The roots of Honeywell’s Performance Materials and Technologies business go back to 1870, when chemist William H. Nichols formed a small sulfuric acid company. Nichols had formed several companies by the end of the 19th century, and was considered an important force in America’s young chemical industry. Teaming up with Eugene Meyer in 1920 to fulfill his vision of a bigger and better company, he brought together five smaller chemical companies to create the Allied Chemical & Dye Company, which later became the Allied Chemical Corp., and eventually, a part of AlliedSignal. AlliedSignal was the predecessor of Honeywell’s Performance Materials and Technologies business. Eugene Meyer served in the Coolidge, Hoover and Truman administrations, and went on to buy The Washington Post newspaper in 1933. Honeywell’s headquarters in Morristown, New Jersey has buildings named after Meyer and Nichols. The current President and CEO of the Performance Materials and Technologies division is Darius Adamczyk.

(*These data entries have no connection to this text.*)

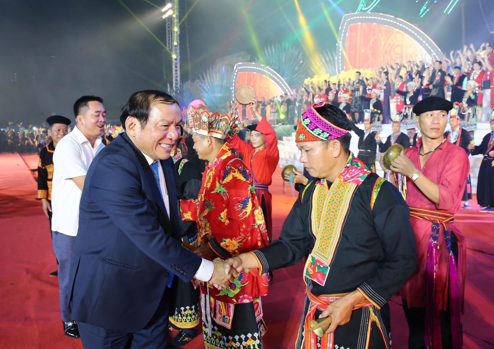 Bộ trưởng Bộ Văn hóa, Thể thao và Du lịch Nguyễn Văn Hùng chúc mừng đoàn Quảng Ninh. Ảnh: Sở VH-TT cung cấp.
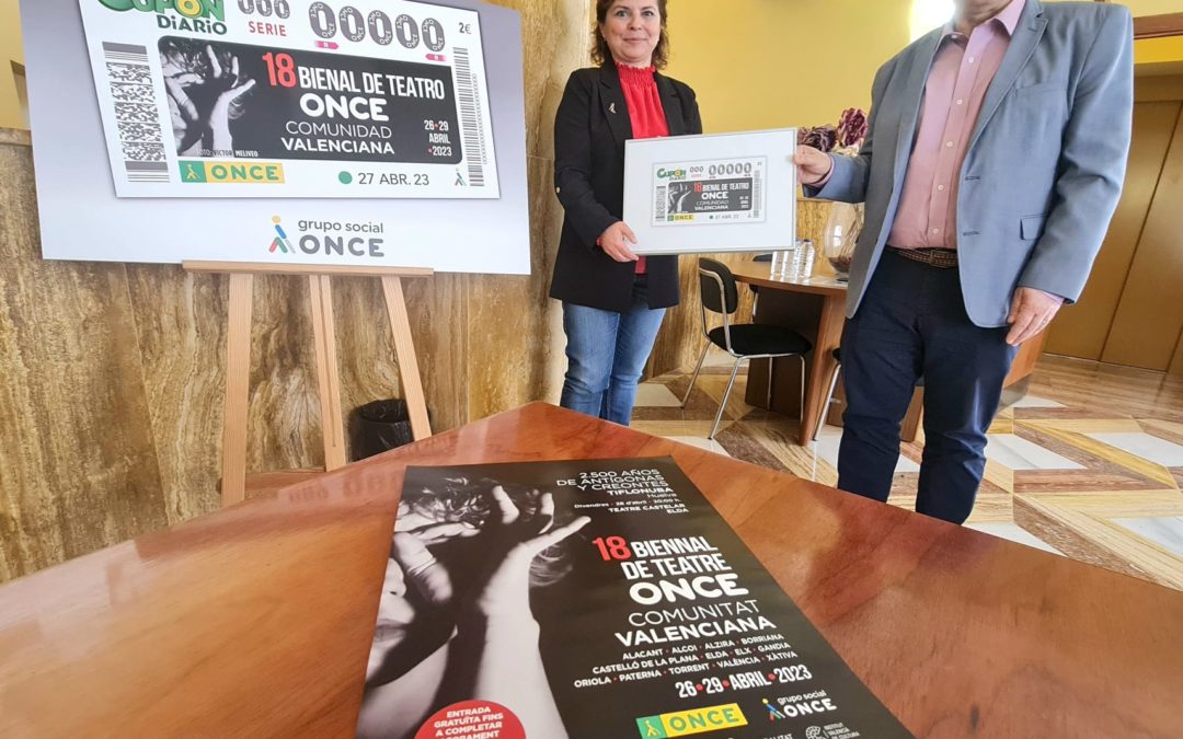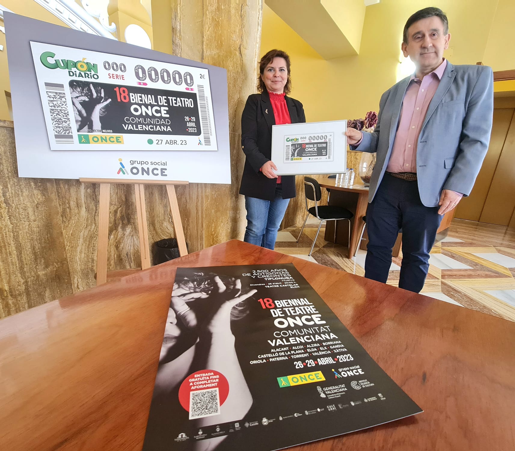 La concejala de Teatro, Rosa Vidal, y el director de la ONCE en Elda, Carlos Carrazoni, han presentado esta mañana el cupón que dedicará la organización el próximo lunes, 27 de abril, a su 18ª Bienal de Teatro que se celebrará en Elda, entre otras ciudades de la Comunidad Valenciana. En el caso de Elda, la celebración se realizará el próximo 28 de abril, a las 20.00 horas, en el Teatro Castelar con la representación de ‘2.500 años de Antígonas y Creontes’ a cargo del grupo teatral Tiflonuba.
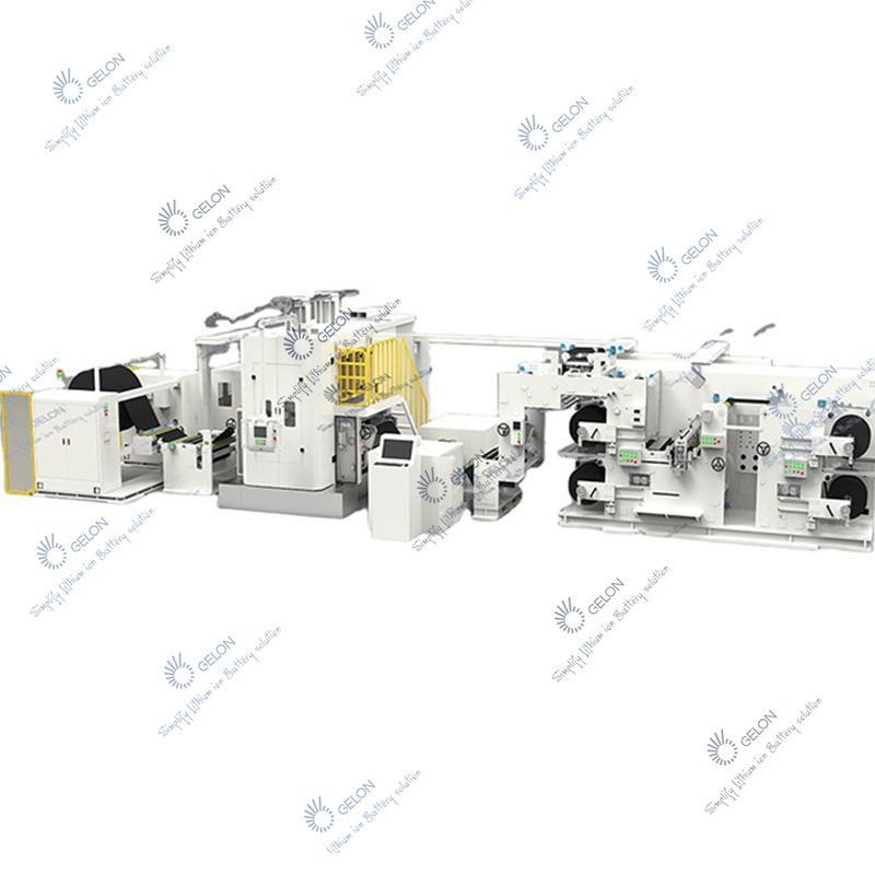 - Máy sẽ cuộn các điện cực dương / âm sau khi phủ liên tục qua máy lăn áp lực thủy lực liên tục, cán đều các điện cực theo độ dày theo yêu cầu của quy trình, sau đó xẻ thành 2-4 điện cực đáp ứng chiều rộng yêu cầu công nghệ, và tua lại với căn chỉnh.
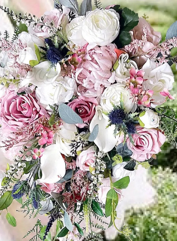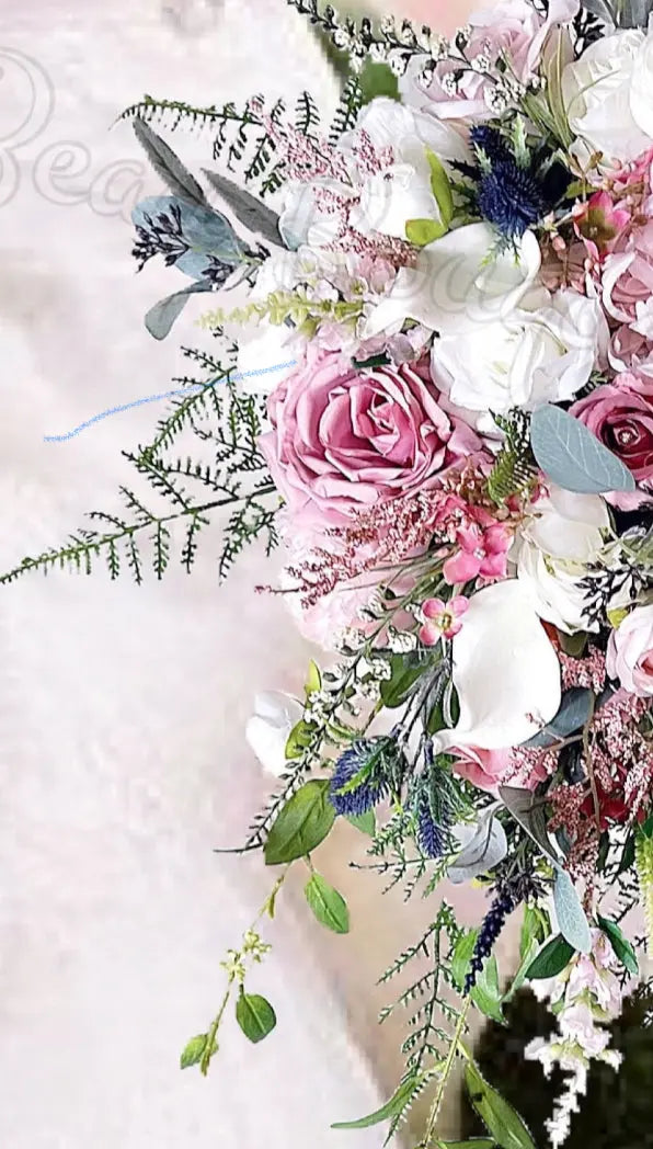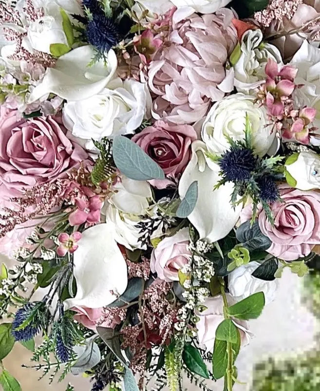 The cascading and waterfall design of these mauve roses and scottish sea holly thistles is sure to make your special day even more memorable.
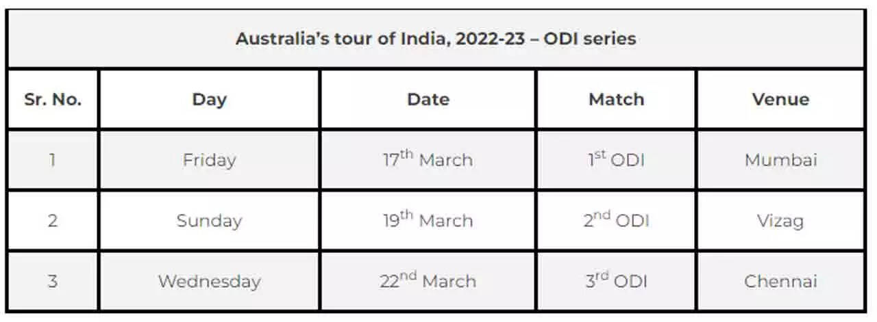 The home season will then conclude with a three-match ODI series between India and Australia that will be held in Mumbai (March 17), Vizag (March 19) and Chennai (March 22).
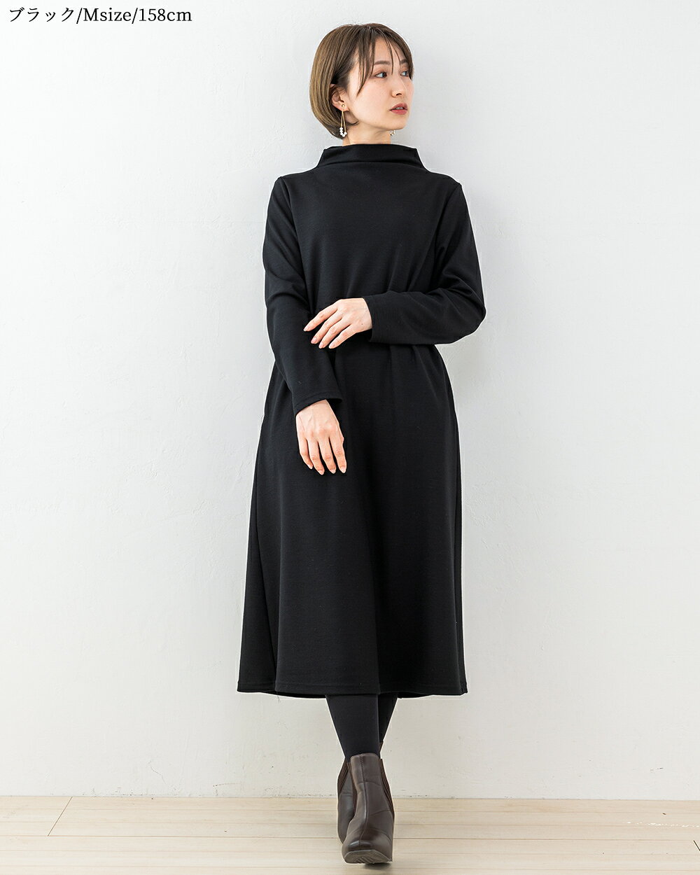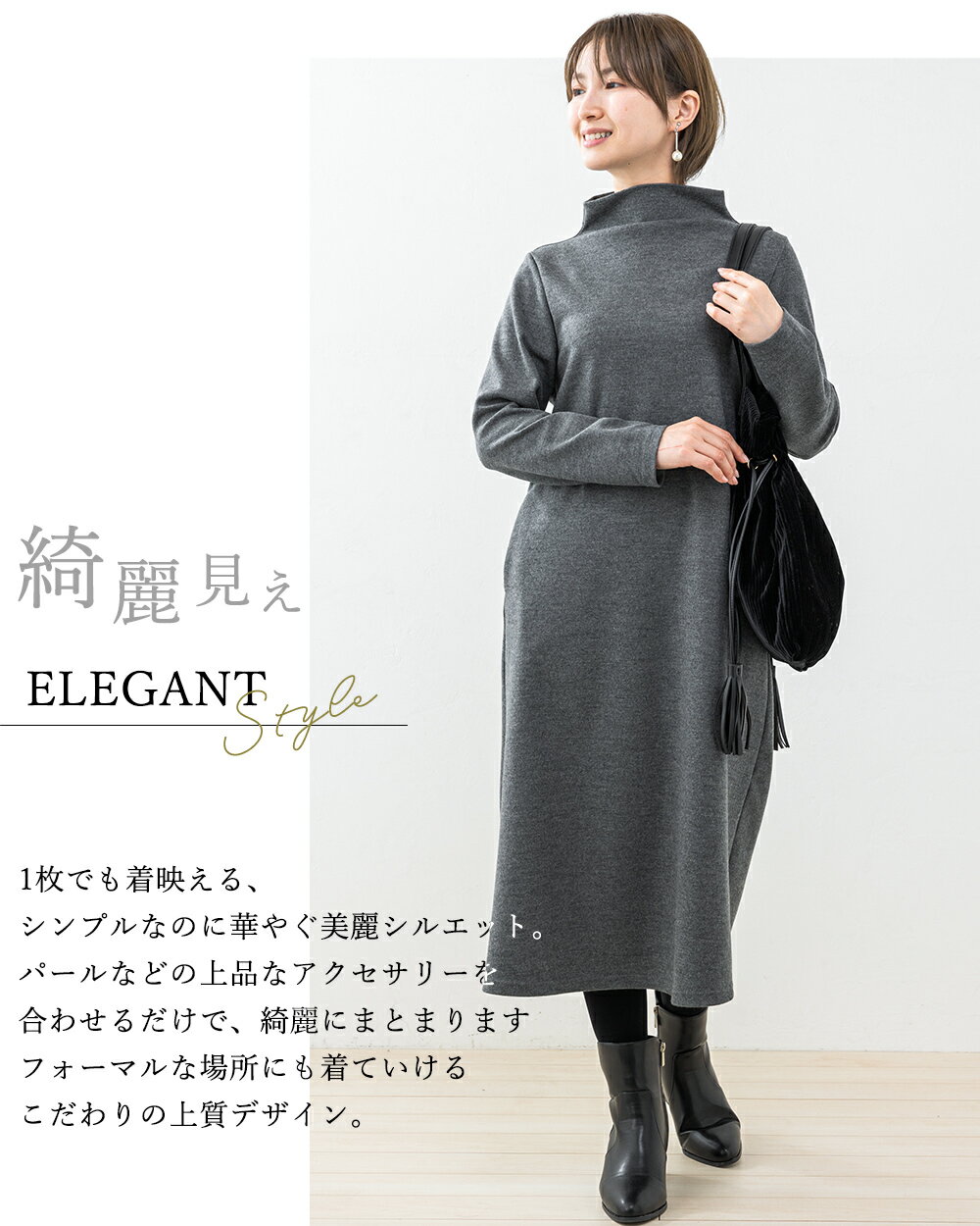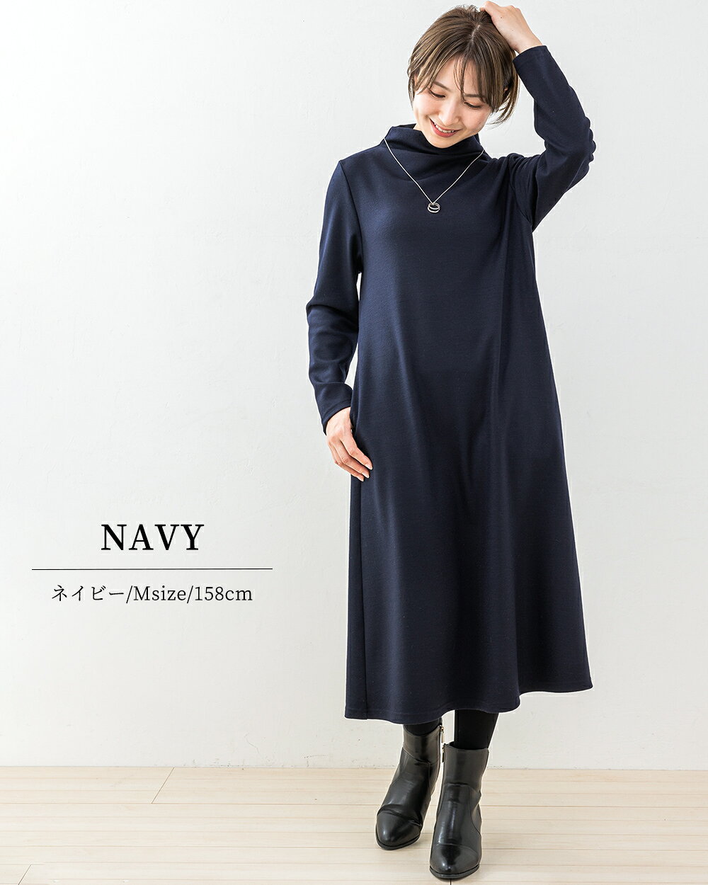 【JAMES JERSEY】日本製 メリノウール 圧縮ニット ワンピース 秋冬 レディース 大人 きれいめ ハイネック 40代 50代 60代 30代 女性 ファッション 長袖 ウール100% ゆったり 秋 冬 入学式 卒業式 フォーマル 毛
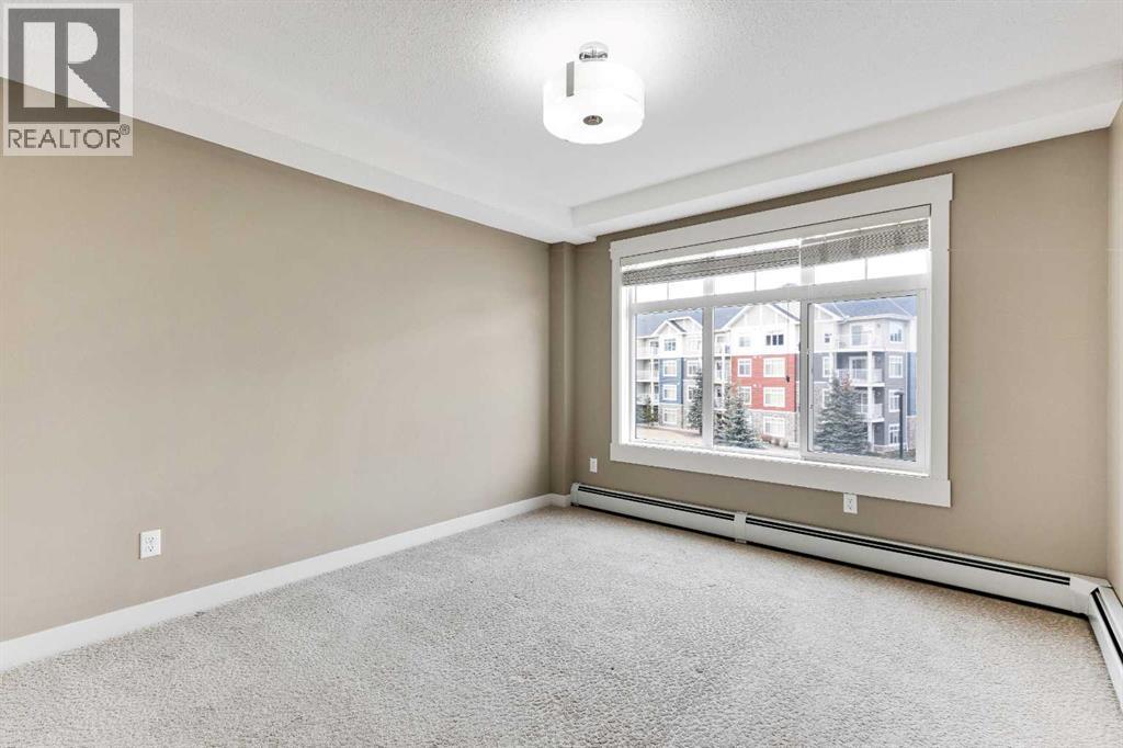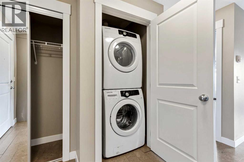 Welcome to easy, low-maintenance living in the heart of Skyview! This spacious third-floor 1-bedroom, 1-bathroom condo offers a functional layout, modern finishes, and excellent value for both first-time buyers and savvy investors.The open-concept design creates a seamless flow between the kitchen and living area, perfect for everyday living or entertaining. The kitchen features stainless steel appliances, sleek stone countertops, and convenient breakfast bar seating. Large windows bring in plenty of natural light, while the living room opens onto a private balcony equipped with a natural gas line for your BBQ — an ideal space to relax and enjoy courtyard views below, along with your titled parking stall.The bedroom includes a walk-in closet, and the unit is complete with a full 4-piece bathroom and in-suite laundry with a full-sized washer and dryer for added comfort and convenience.Enjoy a well-managed building with condo fees that cover Common Area Maintenance, Heat, Maintenance Grounds, Professional Management, Reserve Fund Contributions, Sewer, Snow Removal, Trash, and Water — keeping monthly expenses simple and predictable. Only electricity is paid separately.Located within walking distance to shopping, dining, and everyday amenities, and offering quick access to Deerfoot Trail and Stoney Trail, this is a fantastic opportunity in a growing community.Immediate possession available — don’t miss your chance to make it yours! (31659016)

In 2000, General Electric announced that it would acquire Honeywell, which at that time was valued at more than $21 billion. While the American authorities cleared the merger, the European Commission’s competition commissioner Mario Monti blocked it on July 3, 2001. The commissioner’s decision was made on the ground that GE’s dominance in the large jet engine market, with creations like the CF34 turbofan engines, its leasing services known as GECAS, if combined with Honeywell’s portfolio of regional jet engines and avionics, would ‘bundle’ products and smother competition by creating a horizontal monopoly. The views of the US regulators on the matter were exactly opposite. They believed that the merger would improve competition and bring down prices. Charles James, the general counsel of Chevron-Texaco, was then the United States Assistant Attorney General, and had called the EU’s decision ‘antithetical to the goals of antitrust law enforcement’. General Electric acquired Smiths Aerospace, a company with a portfolio similar to that of Honeywell, in 2007.

AlliedSignal and Honeywell Inc. merged in 1999, and the ‘Honeywell International Inc.’ of today came into being. After the merger, the new company was given the name Honeywell, because although AlliedSignal was twice the size of Honeywell, Honeywell had superior brand recognition. The corporate headquarters, however, were brought to AlliedSignals’ headquarters in Morristown, New Jersey, and not Minneapolis, Minnesota, which had been Honeywell’s corporate headquarters. The closing of the Minneapolis headquarters led to more than 1,000 employees losing their jobs, a few of whom moved to Morristown or other company locations. Most workers, however, had to find new jobs or retire. The company’s stock plunged after the merger, and returned to its pre-merger level only in 2007.

Knorr-Bremse had been operating in joint venture with Honeywell International Inc., and in January 2002, it took over the full control and ownership of Honeywell’s ventures in Europe, Brazil, and also in the US. Knorr-Bremse also added Bendix Commercial Vehicle Systems as a subsidiary. Honeywell’s influence has decreased, but it continues to maintain its presence in emerging industries like Northern Alberta’s oil sands. Today, its Plant Integrator is used in some of the most important plant-sites in the oil sands like Syncrude, Suncor and others.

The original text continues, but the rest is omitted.